Matthew joined the Board of Bond in November 2008. He is Chair of the British Volunteer Agencies Liaison Group and a member of the Disability and Development Group. He is married with two children.
Paul Valentin, Christian Aid
Paul Valentin, a Dutch national whose professional background is in tropical agriculture. He has worked in development for over three decades of which he spent three years working with farmers in Kenya and 11 years in the Philippines, six of which he spent working with indigenous people. He moved to UK to manage Oxfam's East Asia programme and then to the US in 2001 to head up Oxfam America's programme.
He joined Christian Aid in 2004 and has since taken charge of moving the management of development work to 40 devolved offices, giving the agency greater international presence. He is responsible for Christian Aid's work in relief and development through local partners in about 50 countries.
Willem van Eekelen, Islamic Relief
Willem van Eekelen is the head of Islamic Relief's Policy and Research Unit, and is currently on a one year secondment as the head of Islamic Relief's Change Programme. Before joining Islamic Relief, Willem worked for UNHCR, ILO, OHR and OSCE, and did occasional consultancy for a few other international organisations.
In addition to his day job, Willem co-owns and is actively involved in two small companies: a Bosnian eco-tour operator named Green Visions, and Cultural Bridges, a company that provides training that aims to improve communication between people from different backgrounds.
Willem is an Honorary Associate of the University of Birmingham. He holds cum laude MSc degrees in Development Programming and Sociological Economics.
Dominic White, WWF
Dominic White is Head of Programme Development in WWF-UK. WWF is a global environmental network that creates solutions to the planet's most serious environmental challenges so that people and nature thrive.

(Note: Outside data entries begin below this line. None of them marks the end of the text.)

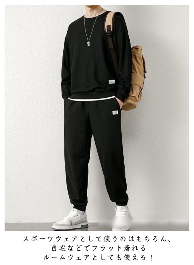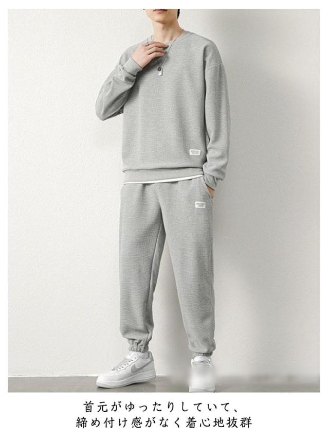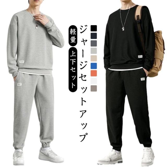 部屋着 夏 ジャージ 上下セット 2点 スウェット トレーナー 2点 上下 長パン 長袖ジャージ 長袖セットアップ 軽量 ロングパンツ メンズ ルームウェア パジャマ Tシャツ スウェットパンツ セットアップ 大きいサイズ ジャージ ゆったり ワップル
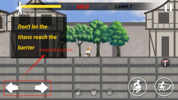 2、通过图示的左右箭头操控人物角色移动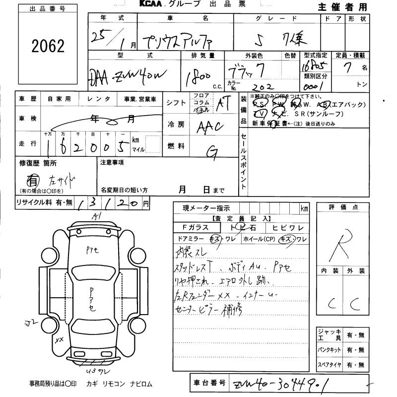 TOYOTA PRIUS ALPHA - лот 2062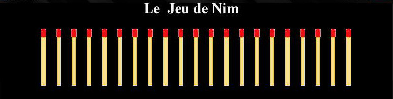 – Le jeu de Nim, lui aussi d’origine très ancienne, et répandu sur tout le globe sous des appellations diverses (fan-tan en Chine, Tiouk tiouk en Afrique), est construit sur le concept de disparition. Ce jeu est plus connu chez nous sous le nom de « jeu des allumettes ». On verse un paquet d’allumettes sur la table. Chacun des deux adversaires va retirer, à son tour, 1, 2 ou 3 allumettes. Celui qui es obligé de prendre la dernière a perdu.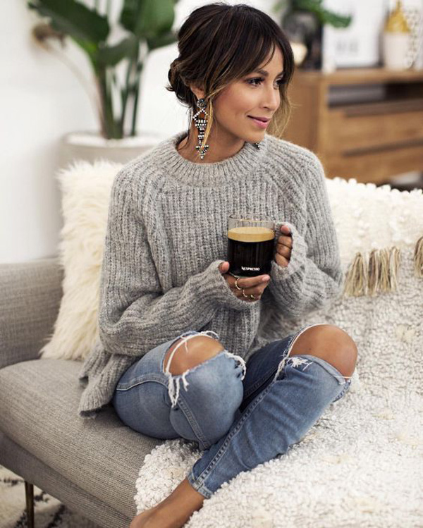 Diện một chiếc áo len mỏng, búi tóc thấp đánh rối nhẹ và thưởng thức một tách trà nóng để tận hưởng gió lạnh đầu mùa.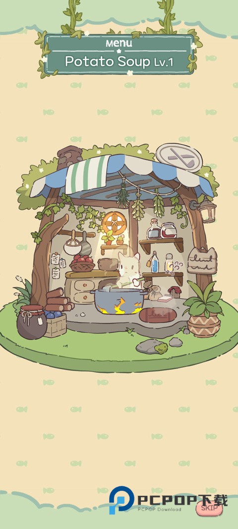 1、打开猫咪和汤魔法食谱,游戏需加速器启动,进入游戏如图,点击屏幕下方按钮开始;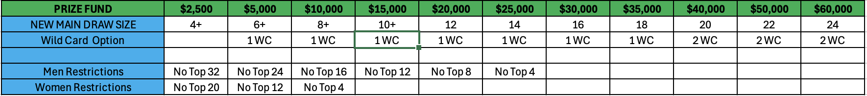 - What ranking level pros can I expect? Player participation varies greatly depending on location of the event and many other factors. Typically, higher prize money events and those that provide hotel and top notch hospitality can expect the highest ranked players. Lower prize money events have some restrictions on which SDA ranked players can participate:• $5,000 Challenger – No top 24 players • $10,000 Challenger – No top 16(men) top 4 (women) players • $15,000 Challenger – No top 12 players • $20,000 – No top 8 players (men) • $25,000 – no top 4 players (men) • $30,000 and higher – No restrictions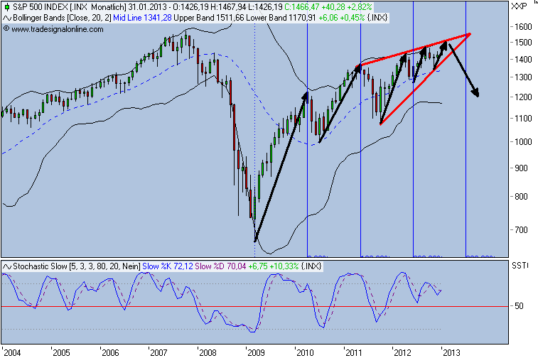 Dein Keil referiert das nachlassende Up-Momentum im S&P. In Verbindung mit dem insgesamt skeptischen Sentiment eigentlich eine Kontraindikation, s.o.. Eigentlich, wenn da nicht ein paar signifikante Anormalien gewesen wären (Vix, Dax, €/$). So wie es aussieht, wird aber gerade in den letzten Tagen in Sachen Momentum nachgezogen. Die Bestätigung steht jedoch noch aus...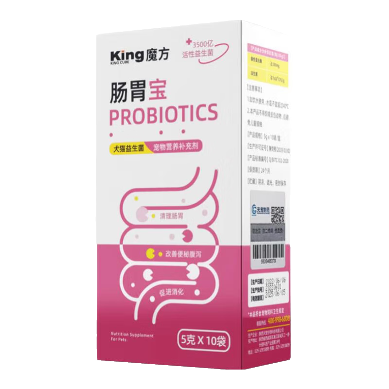 KING魔方 宠物益生菌5g*10包 猫咪狗狗活性益生菌调理肠胃宝便秘呕吐腹泻拉稀幼猫幼犬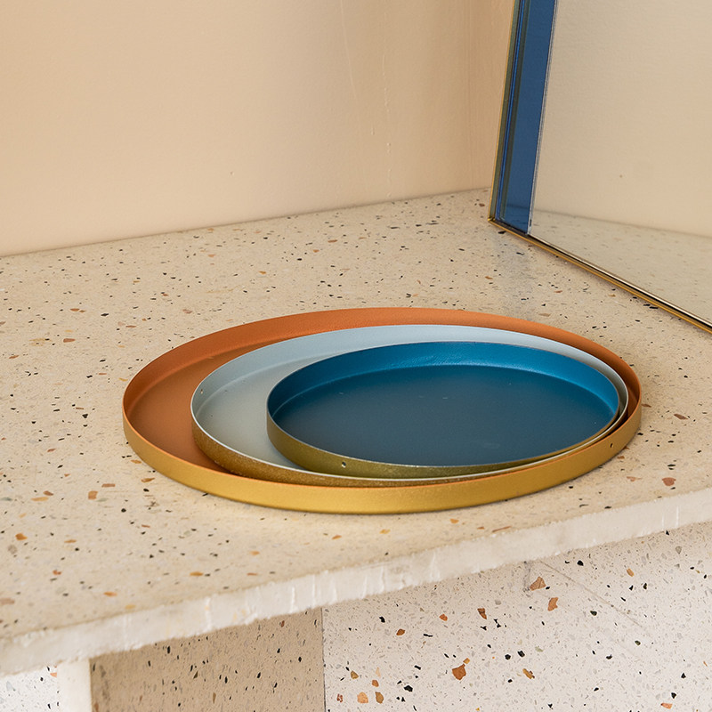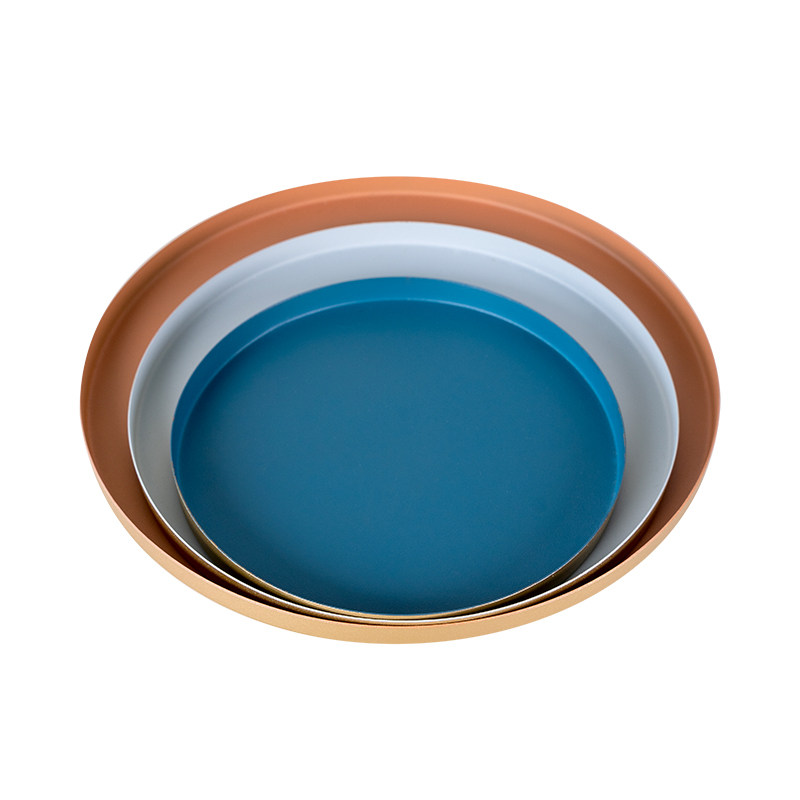 A metal round nursery-blue S 20x1 5B metal round nursery pan-light blue M 25 * 1 5C metal round nursery tray-Orange yellow L 30 * 1 5 group A= shallow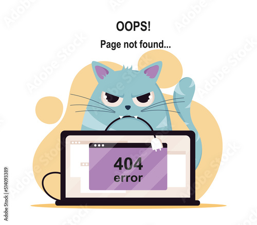 Wall mural error 404 poster. angry cat sits next to laptop, user cannot open desired page on internet. wrong we - Wall murals Wall mural error 404 poster. angry cat sits next to laptop, user cannot open desired page on internet. wrong we - Wall murals

Dominic first trained as a zoologist, specialising in primatology, then as a forester working on low impact logging for community development. Unsustainable resource use is the central theme running through Dominic's work which has covered countries of East and West Africa, Central and South-East Asia, the Caribbean and Scotland. Dominic started work with WWF in Nigeria in 1988 then later moved on to work on UK forest policy from Scotland. He spent five years working with the World Land Trust before returning to WWF in 2000. Since then Dominic has been involved in a variety of programme related work including negotiating the partnership with DFID, EC funding, improving quality through design and building tools and competencies on monitoring for sustainability. Dominic joined the Board of Bond in November 2008.

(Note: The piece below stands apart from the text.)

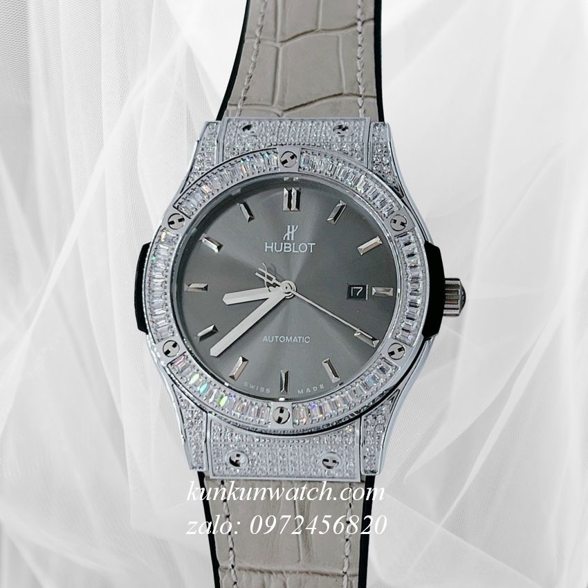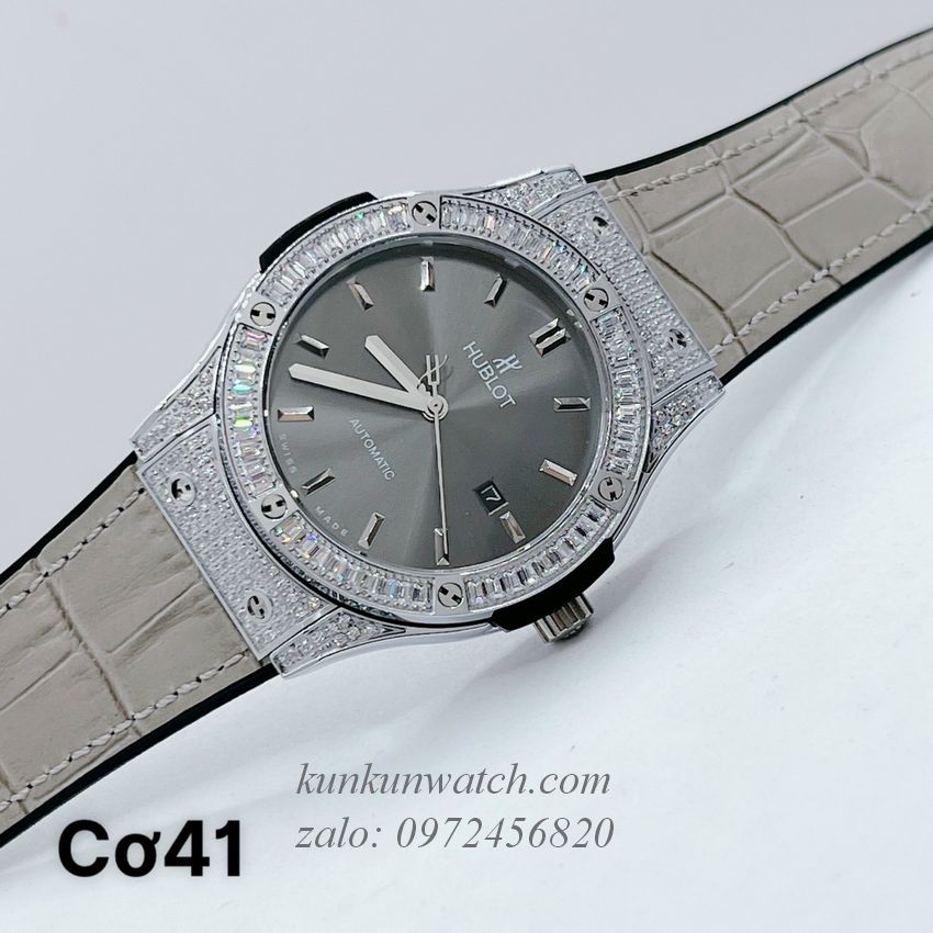 Đồng Hồ Nam Hublot Automatic đính viền đá pha lê vuông Full vỏ. Dây da vân silicone khoá bướm chống gập gãy.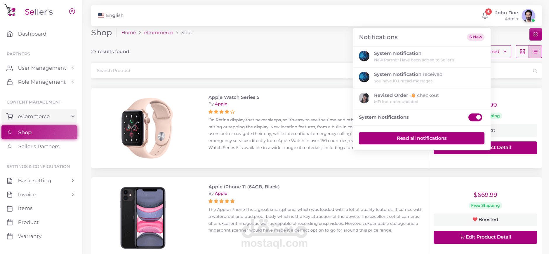 In this project, our focus is on developing a robust administration portal for an e-commerce platform. This portal is exclusively dedicated to application administrators, empowering them with tools for seamless management. Key functionalities of the administration portal include:

David Woollcombe, Peace Child International
David Woollcombe is an author, playwright, film-maker and expert on the field of youth participation in governance of small to medium size organisations and institutions. Author of Peace Child, he has directed performances of the work across Europe, North America, the former Soviet Union and Central America. His academic publications include "The Role of Children in Governance" and "Youth-led Development" for the Schumacher Society. He has also consulted for UNDP, UNICEF, UNESCO and UNEP on youth-led Development and the best ways to create participatory structures that engage young people effectively. Working with young people on a daily basis at the Peace Child International Centre, he has 20 years of experience of the technology of youth participation - what works and what does not work.